[Dataset items]
<<<<

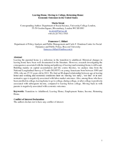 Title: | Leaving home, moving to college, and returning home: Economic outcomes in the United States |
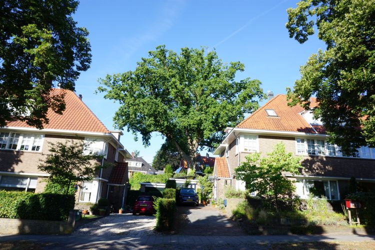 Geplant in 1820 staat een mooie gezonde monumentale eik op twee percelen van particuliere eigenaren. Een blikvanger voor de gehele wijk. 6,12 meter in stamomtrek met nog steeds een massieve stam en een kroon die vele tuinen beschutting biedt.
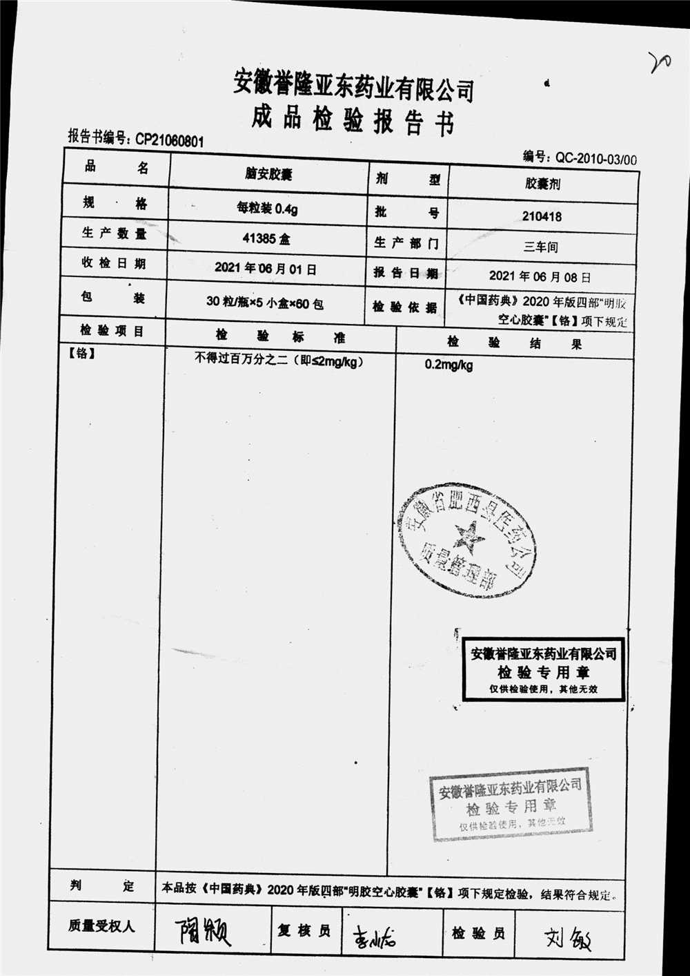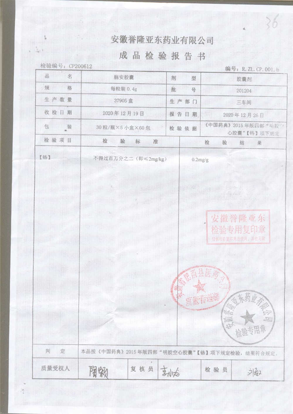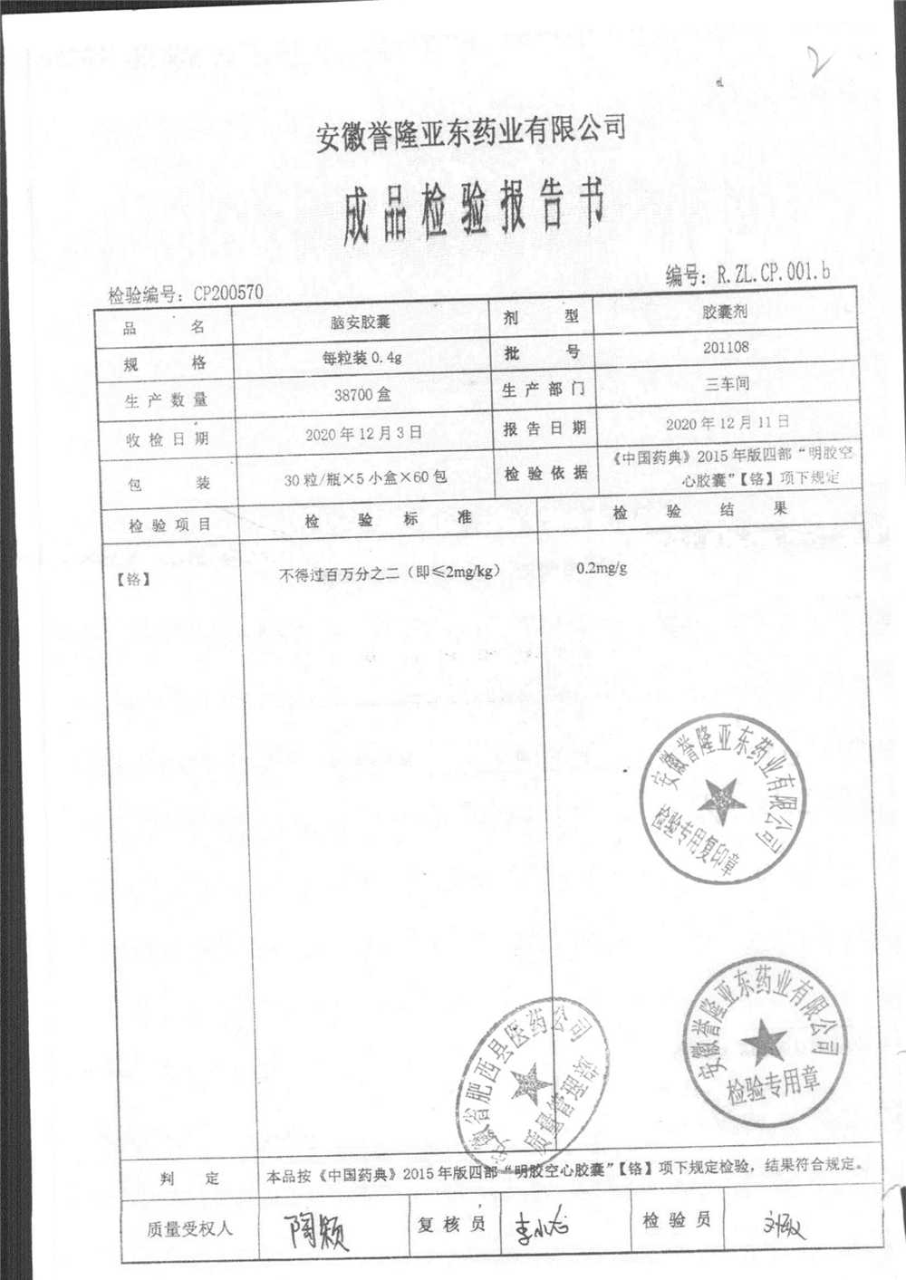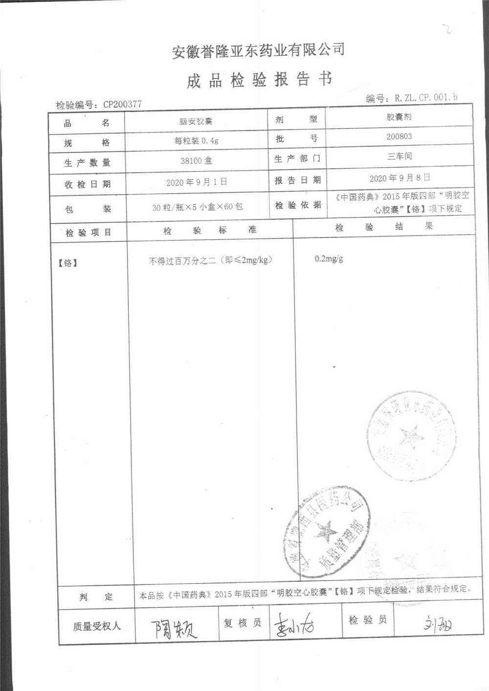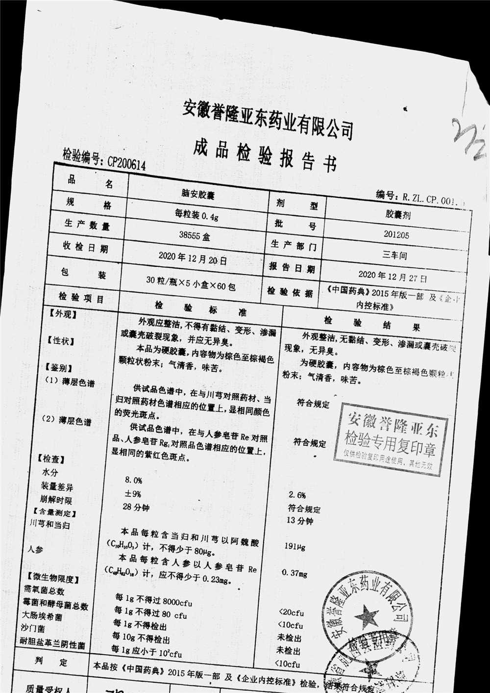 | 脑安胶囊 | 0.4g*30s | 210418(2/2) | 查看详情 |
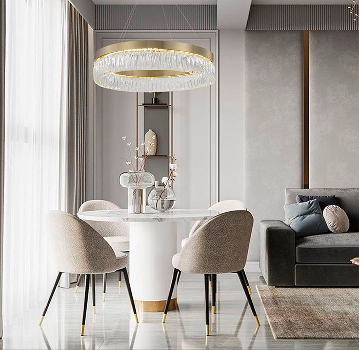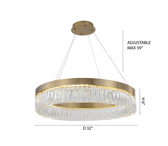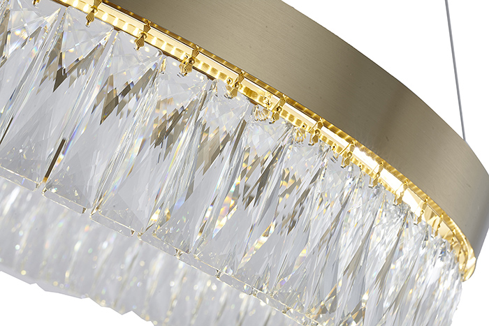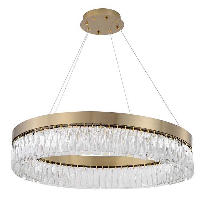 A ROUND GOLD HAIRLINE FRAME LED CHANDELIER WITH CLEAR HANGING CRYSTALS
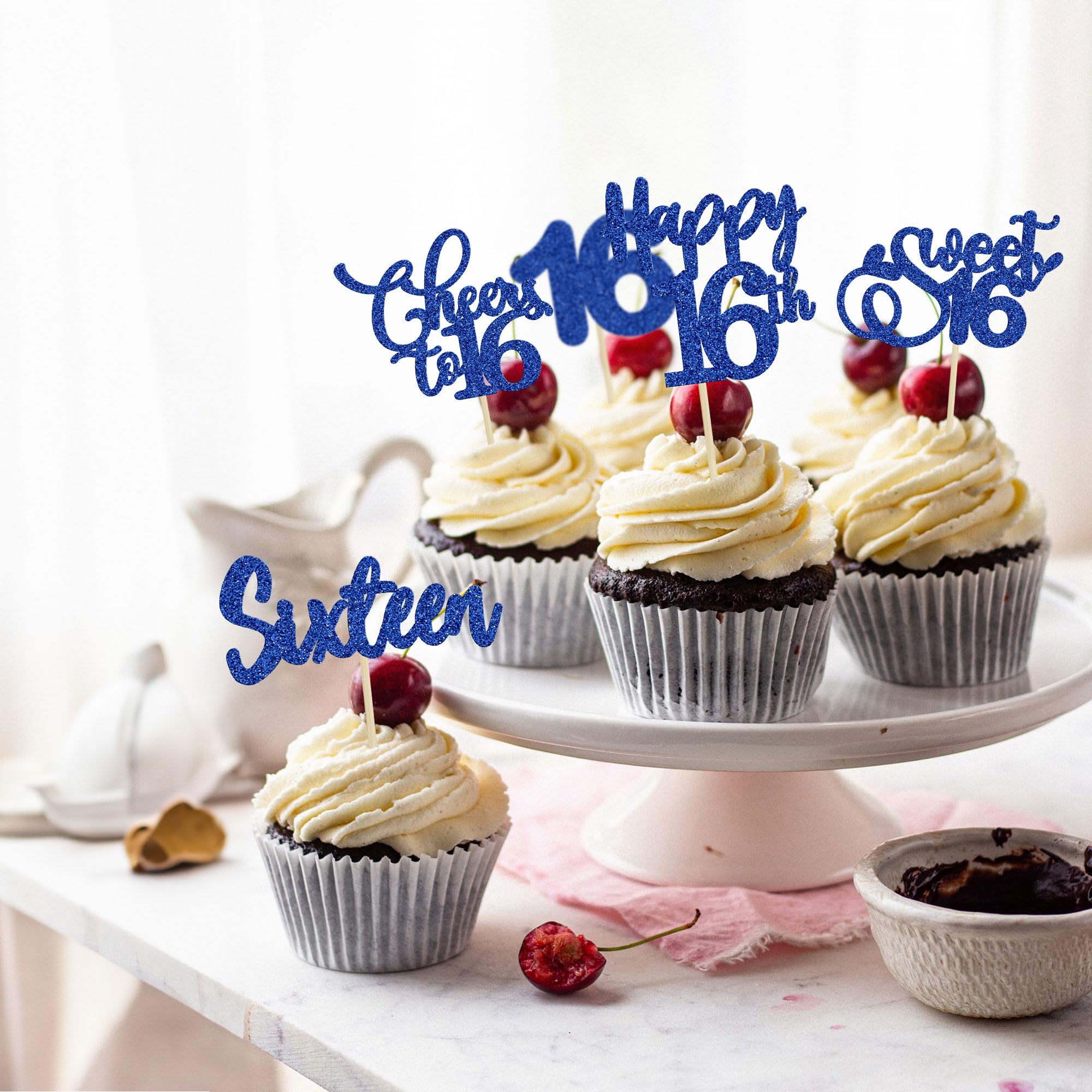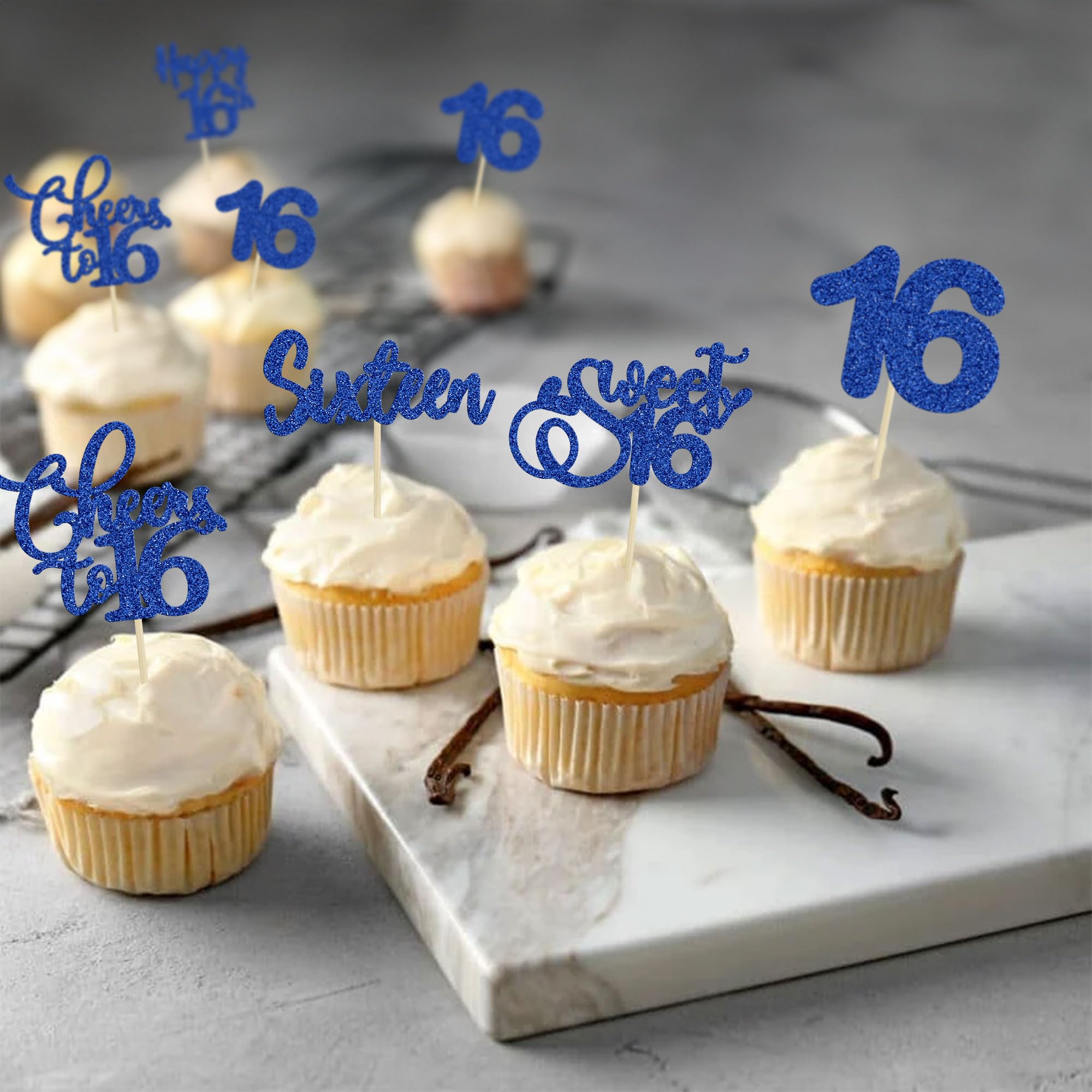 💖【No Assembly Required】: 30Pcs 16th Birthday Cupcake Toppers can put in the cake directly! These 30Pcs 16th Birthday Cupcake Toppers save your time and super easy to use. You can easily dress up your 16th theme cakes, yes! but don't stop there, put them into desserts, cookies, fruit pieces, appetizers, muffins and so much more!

>>>>

- **PROBLEM**
Skipping any pictures, copy the entries exactly as they appear.

- **RESULT**
 Title: | Leaving home, moving to college, and returning home: Economic outcomes in the United States |
 Geplant in 1820 staat een mooie gezonde monumentale eik op twee percelen van particuliere eigenaren. Een blikvanger voor de gehele wijk. 6,12 meter in stamomtrek met nog steeds een massieve stam en een kroon die vele tuinen beschutting biedt.
 | 脑安胶囊 | 0.4g*30s | 210418(2/2) | 查看详情 |
 A ROUND GOLD HAIRLINE FRAME LED CHANDELIER WITH CLEAR HANGING CRYSTALS
 💖【No Assembly Required】: 30Pcs 16th Birthday Cupcake Toppers can put in the cake directly! These 30Pcs 16th Birthday Cupcake Toppers save your time and super easy to use. You can easily dress up your 16th theme cakes, yes! but don't stop there, put them into desserts, cookies, fruit pieces, appetizers, muffins and so much more!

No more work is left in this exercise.